» Work order
Return each entry word for word. Leave the images out.

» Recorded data
*** Block opens ***

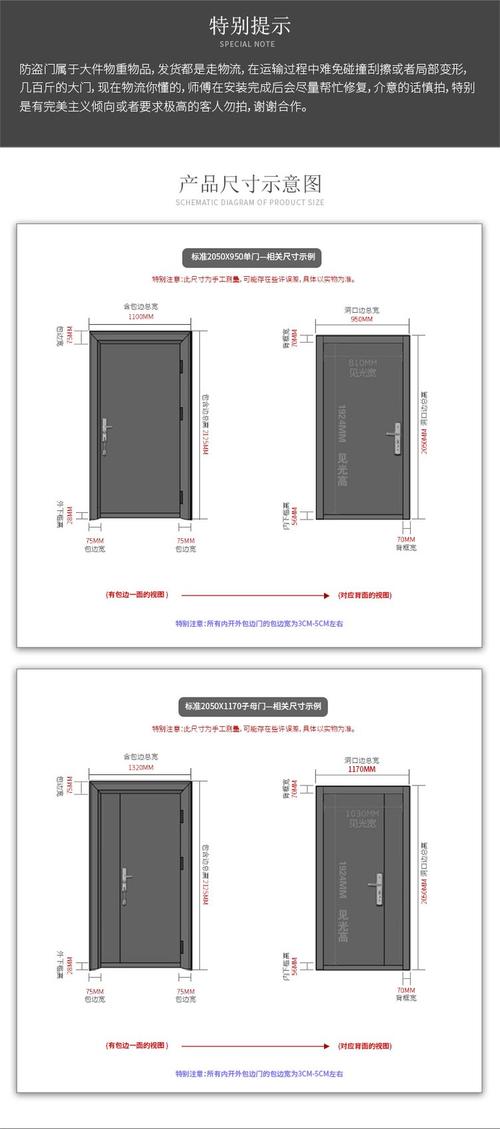 单扇防盗门:宽度:通常为980mm。高度:一般为2080mm。适用场景:适用于住宅、公寓等单扇门入口。子母防盗门:宽度:通常为1180mm,由一扇较宽的母门和一扇较窄的子门组成。高度:同样为2080mm。适用场景:适用于需要较大通行宽度但又不想完全打开整个门的情况,如家庭入口或小型办公室。
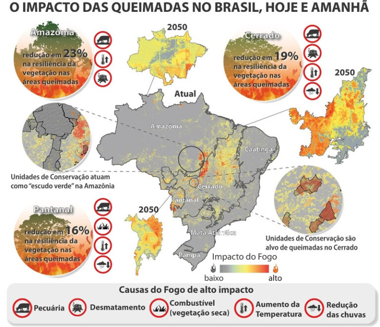 Ao mesmo tempo, as Unidades de Conservação no Cerrado são sistematicamente alvo de incêndios criminosos, registrando, frequentemente, grandes queimadas apesar da presença de brigadas e de programas de prevenção de fogo em algumas delas. Na Amazônia, as queimadas estão inerentemente relacionadas ao desmatamento ao longo da fronteira agrícola. Contudo, suas Unidades de Conservação e Terras Indígenas são ainda pouco afetadas pelos incêndios de grande impacto, funcionando como um “escudo verde”, mesmo diante da carência de fiscalização.
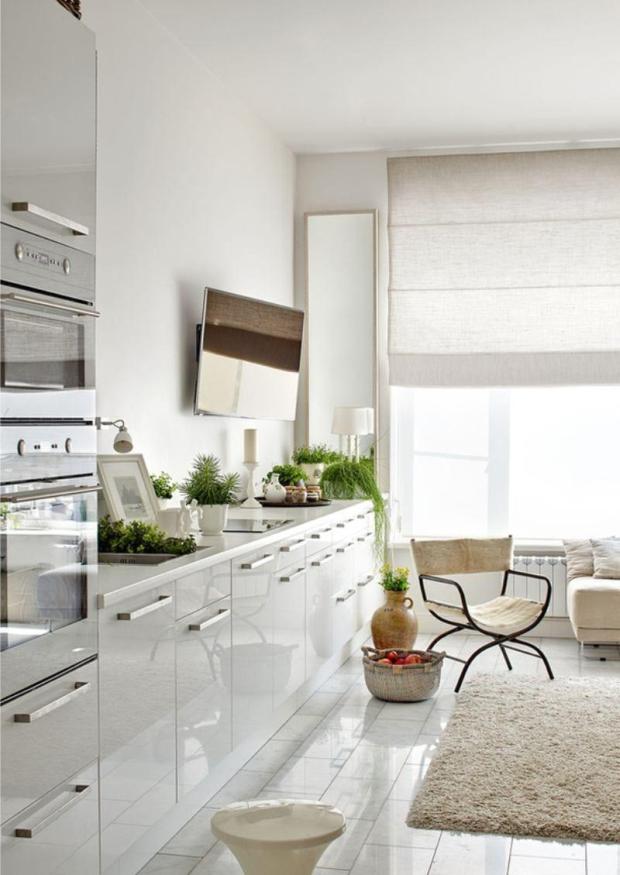Пуристическая обстановка близкая к минимализму и хай-теку. Она лаконичная и в то же время от нее веет шармом.
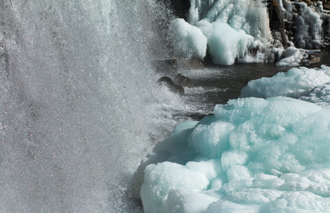 夏日里流動的澤娜措,在被冬日像被施了魔法一般,瀑布凝固成一條條倒掛的晶瑩冰柱。仿佛來到了仙境一般。
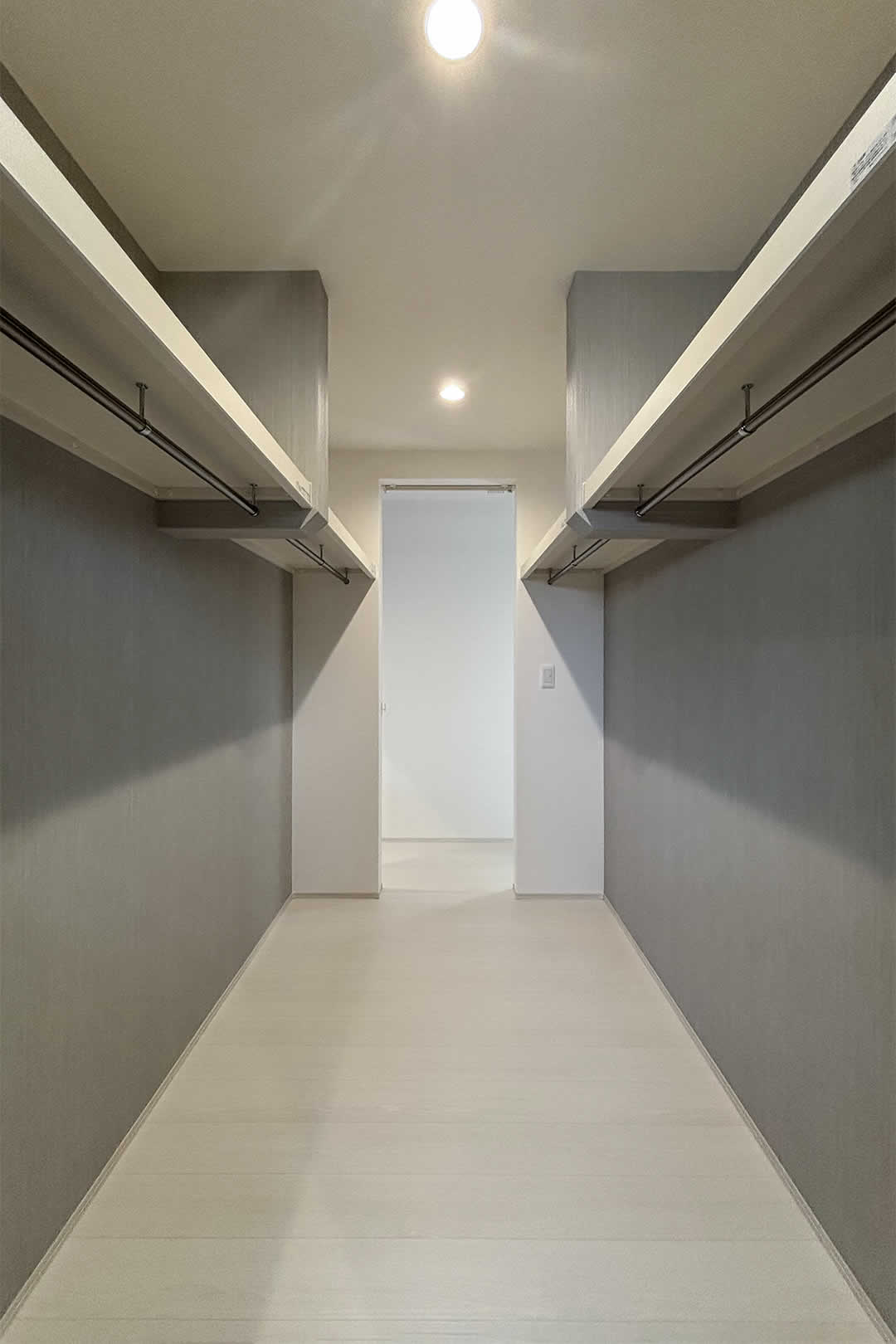 お部屋の中心にあるファミリークローゼットは、洋服だけでなく季節家電など普段使用しないものもしまえて便利です。ランドリールームにも繋がるので洗濯動線の時短になります。
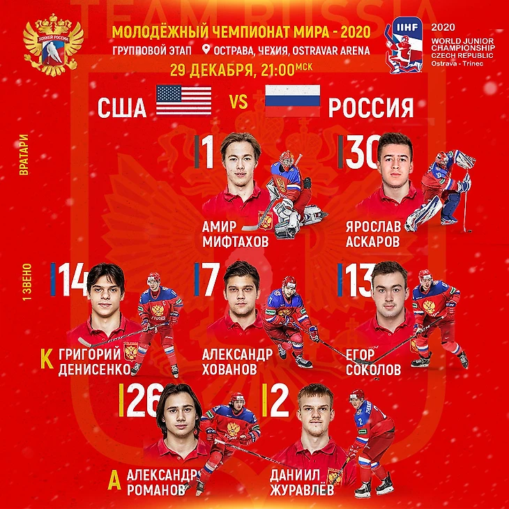13:30 Привет всем, кто следит за МЧМ-2020 (а после 6:0 с Канадой количество таких людей резко выросло). Сегодня нас ждет не менее мощная заруба – играем с молодежной сборной США, и с точки зрения турнирного положения это не менее важный матч, чем с «кленовыми».
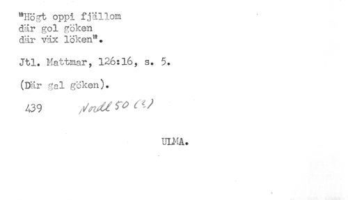 //// "Högt oppi f jällom //// där gol göken //// där väx löken". //// Jtl. Mattmary 126:16, s. 5. //// (Där gal göken). //// A39 //// UU-IA. ////
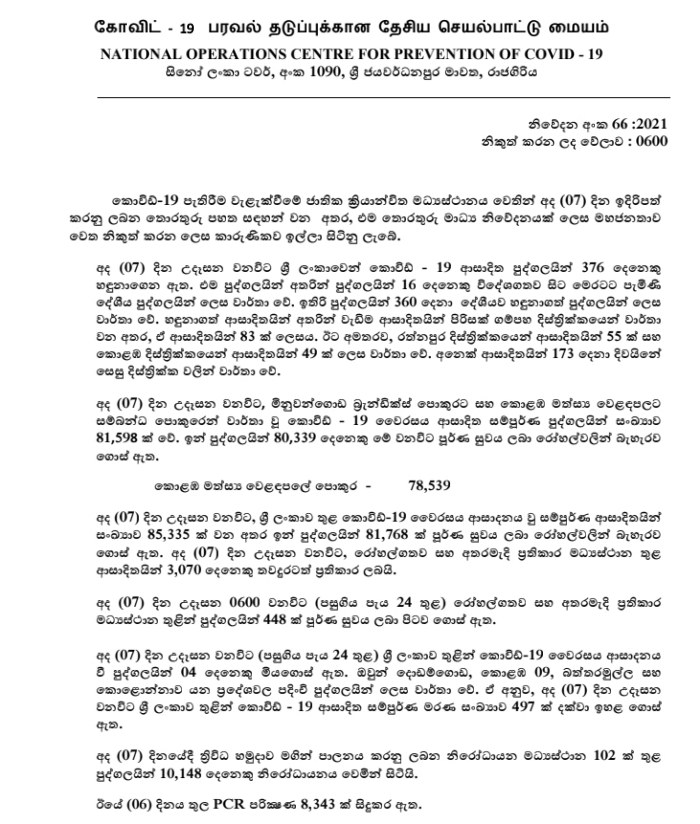 අද දිනට කොරෝනා තත්ත්ව වාර්තාව
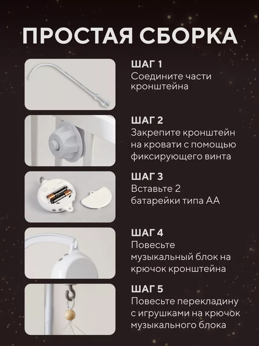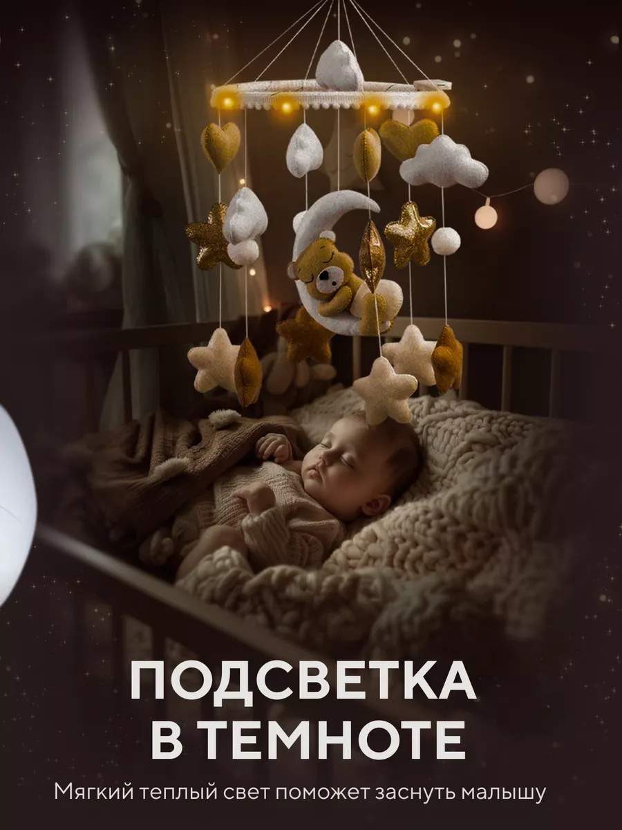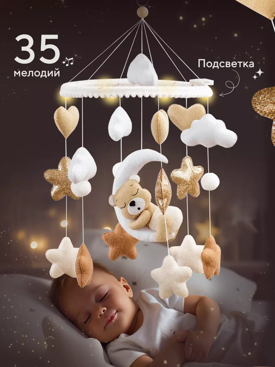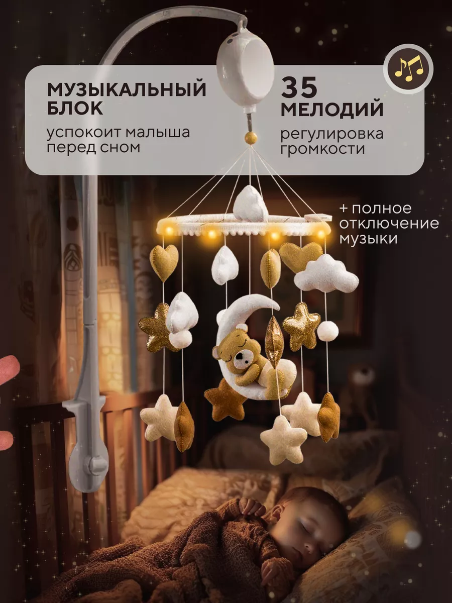 Музыкальный мобиль в детскую кроватку для новорождённых

*** Block closes ***

» Solution below
 单扇防盗门:宽度:通常为980mm。高度:一般为2080mm。适用场景:适用于住宅、公寓等单扇门入口。子母防盗门:宽度:通常为1180mm,由一扇较宽的母门和一扇较窄的子门组成。高度:同样为2080mm。适用场景:适用于需要较大通行宽度但又不想完全打开整个门的情况,如家庭入口或小型办公室。
 Ao mesmo tempo, as Unidades de Conservação no Cerrado são sistematicamente alvo de incêndios criminosos, registrando, frequentemente, grandes queimadas apesar da presença de brigadas e de programas de prevenção de fogo em algumas delas. Na Amazônia, as queimadas estão inerentemente relacionadas ao desmatamento ao longo da fronteira agrícola. Contudo, suas Unidades de Conservação e Terras Indígenas são ainda pouco afetadas pelos incêndios de grande impacto, funcionando como um “escudo verde”, mesmo diante da carência de fiscalização.
Пуристическая обстановка близкая к минимализму и хай-теку. Она лаконичная и в то же время от нее веет шармом.
 夏日里流動的澤娜措,在被冬日像被施了魔法一般,瀑布凝固成一條條倒掛的晶瑩冰柱。仿佛來到了仙境一般。
 お部屋の中心にあるファミリークローゼットは、洋服だけでなく季節家電など普段使用しないものもしまえて便利です。ランドリールームにも繋がるので洗濯動線の時短になります。
13:30 Привет всем, кто следит за МЧМ-2020 (а после 6:0 с Канадой количество таких людей резко выросло). Сегодня нас ждет не менее мощная заруба – играем с молодежной сборной США, и с точки зрения турнирного положения это не менее важный матч, чем с «кленовыми».
 //// "Högt oppi f jällom //// där gol göken //// där väx löken". //// Jtl. Mattmary 126:16, s. 5. //// (Där gal göken). //// A39 //// UU-IA. ////
 අද දිනට කොරෝනා තත්ත්ව වාර්තාව
 Музыкальный мобиль в детскую кроватку для новорождённых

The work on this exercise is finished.